キューピッド役だったはずの高校生の僕は、恋するゲイ少年となった

サッカー選手にいそうなイケメンの彼にアドレスを聞かれ……僕が夫に出会うまで #11

2019/03/21

 津田っちの態度は少しよそよそしかった。ハセもそれを感じとったのか、硬直していた。

「あの、はい。 ……動物園。よろしく、お願い、します」

 ハセはやっぱり、うまく喋れないようだった。そんなハセがすごく可愛く思えた。教室に戻ると僕は津田っちに言った。

「ハセってかっこよくない?」

「えー、私のタイプじゃなかった~。だって、あの人の喋り方こんなんだったよ?」

 津田っちは、ハセのしゃべり方を真似て笑った。

「ハセは緊張してたんだよ。僕と喋ってた時は普通だったよ。動物園楽しみだね!」

 

「なんで勝手に言っちゃうんだよ!」ハセは僕の身体をブンブンと

 動物園当日、僕は最初から最後まで本当に楽しむことができた。一緒に行ったメンバーはともかく、ハセが四六時中カッコよかったからだ。ただ、ハセと津田っちはたまに会話をしていたが、二人はその先なんの盛り上がりもなく一日が終わってしまったようだ。ハセと僕が二人きりになった帰り道、ハセは言った。

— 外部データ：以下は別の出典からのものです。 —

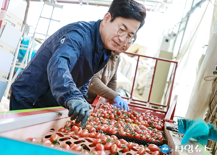 [대전타임뉴스=홍대인 기자] 허태정 더불어민주당 대전시장 후보가 25일 대전 유성구 송정동 토마토 농장에서 1시간 넘게 수확 작업을 하며 “농작물은 농부의 발걸음 소리를 들으며 큰다"고 밝혔다. 이날 방문한 농장은 약 3000평 규모로 비닐하우스 10동이 운영되는 곳이다. 허 후보는 작업복 차림으로 현장에 들어가 토마토 줄기를 제거하고 수확 작업에 직접 참여했다. 이번 방문은 대전 먹거리를 책임지는 농업인의 삶을 이해하고 현장의 노고를 체감하기 위해 마련됐다. 허 후보는 농민들과 함께 작업하며 현장의 어려움을 들었다. 농민들은 인력과 비용 부담 등 현실적인 문제를 전달하며 세심한 지원을 요청했고, 허 후보는 이에 공감하며 지속적인 관심과 지원 의지를 밝혔다. 허 후보는 작업 도중 “직접 손을 보태보니 농민들이 얼마나 많은 발자국을 남기며 정성을 쏟는지 알 수 있었다"고 말했다. 이어 “도시농업은 양적 확대를 넘어 산업과 복지가 결합된 구조로 발전해야 한다"며 “경작 공간 확보와 생산·소비 선순환 구조, 스마트 농업 기술을 통해 대전 농업의 경쟁력을 키우겠다"고 밝혔다. 허 후보는 “농민들의 정직한 노고가 정당한 보상과 미래 경쟁력으로 이어지도록 현장 중심 정책을 꼼꼼히 챙기겠다"며 “현장에서 시민의 삶을 바꾸는 답을 찾겠다"고 말했다.
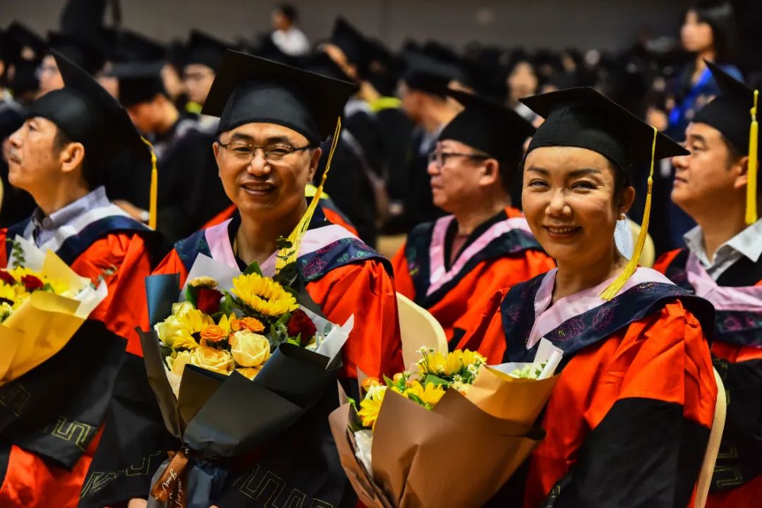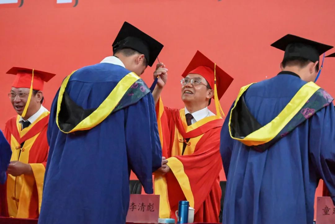 在学位授予仪式上,校院领导、校学位评定委员会委员为全体毕业生拨正流苏,颁发学位证书并合影留念。
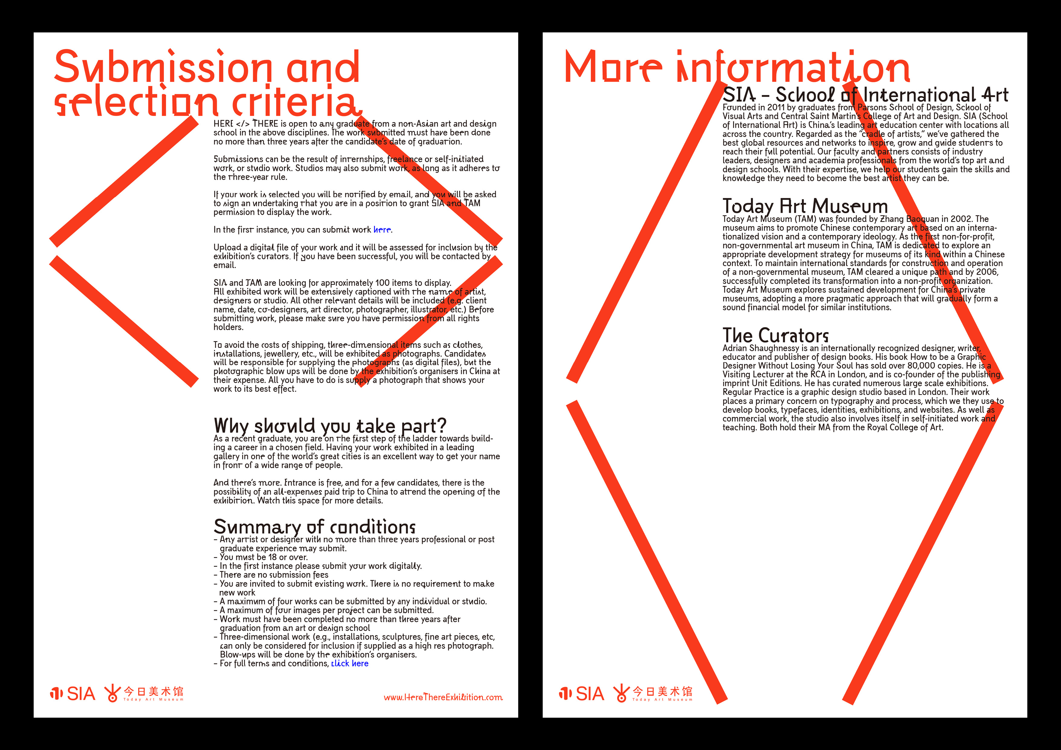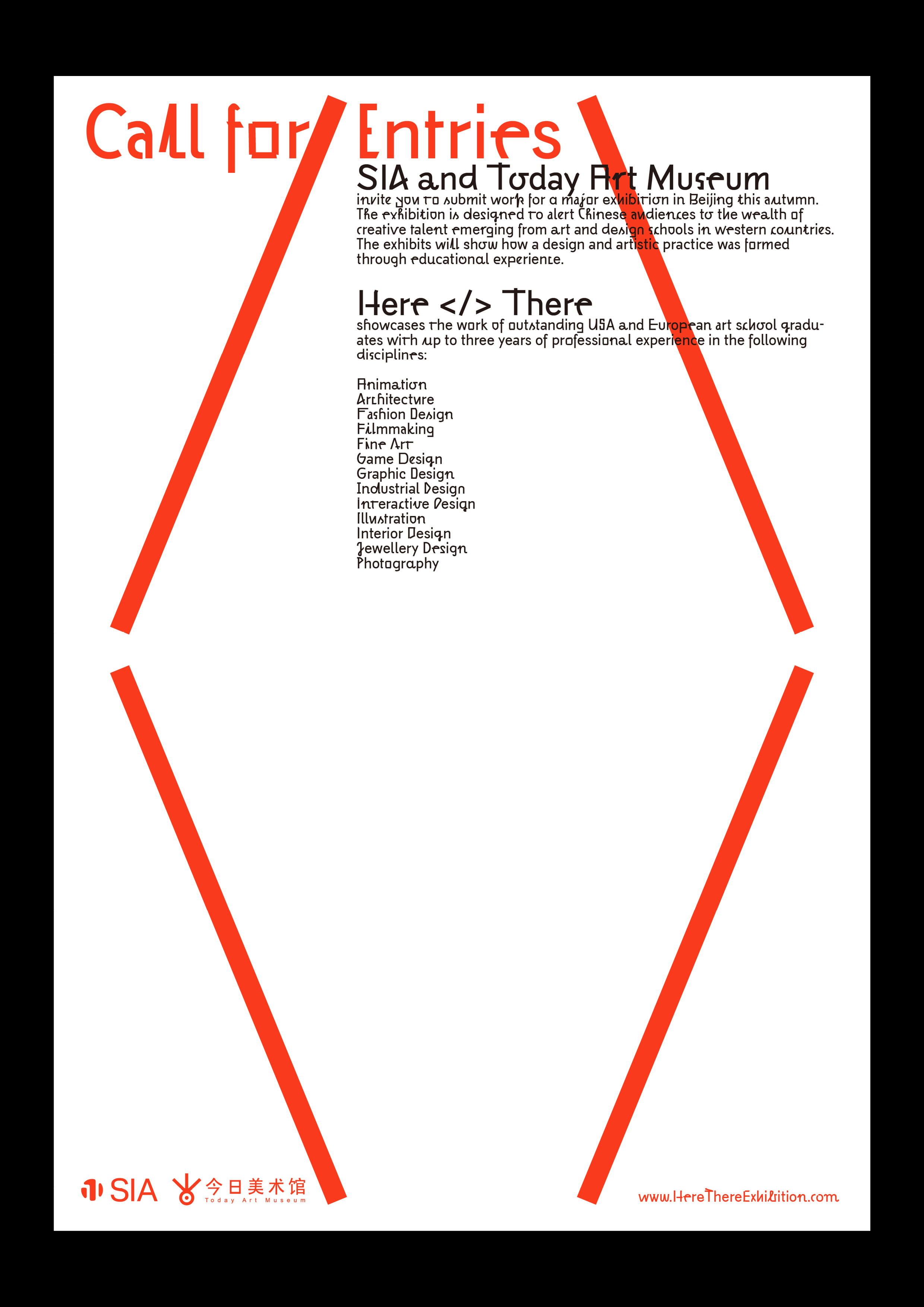 Here>There is an exhibition featuring recent design and art graduates-come-professionals, who have attended and graduated from design and art institutions in the USA and Europe. It was curated by Adrian Shaughnessy and Regular Practice. Organized in collaboration with SIA – School of International Art, it is held at the Today Art Museum in Beijing, the first private museum for contemporary art in China.

「今日津田さんとうまく喋れなかったのは、七崎が勝手に、俺が津田さんを好きなことを伝えてしまったからだよ。なんで勝手に言っちゃうんだよ!」

 ハセは僕の身体をブンブン揺さぶった。僕は悪いことをしたつもりは全くない。「ドンマイ!」と彼を励ました。僕が津田っちに話をしていようがいなかろうが、ハセがうまく喋れようが無かろうが、うまくいかないものはうまくいかないのだ。僕は直感でわかっていた。そんなことよりも、僕はハセと仲良くなれたことが、嬉しくて仕方がなかった。

 それから、僕とハセはいつも二人でいるような仲になったから、周りからは「あいつらデキてるんじゃないか」と噂されたくらいだった。もちろん噂通りではないが、気がつけば僕は、ハセのことしか見えなくなっていた。

(続き「ハセとの拷問温泉」を読む)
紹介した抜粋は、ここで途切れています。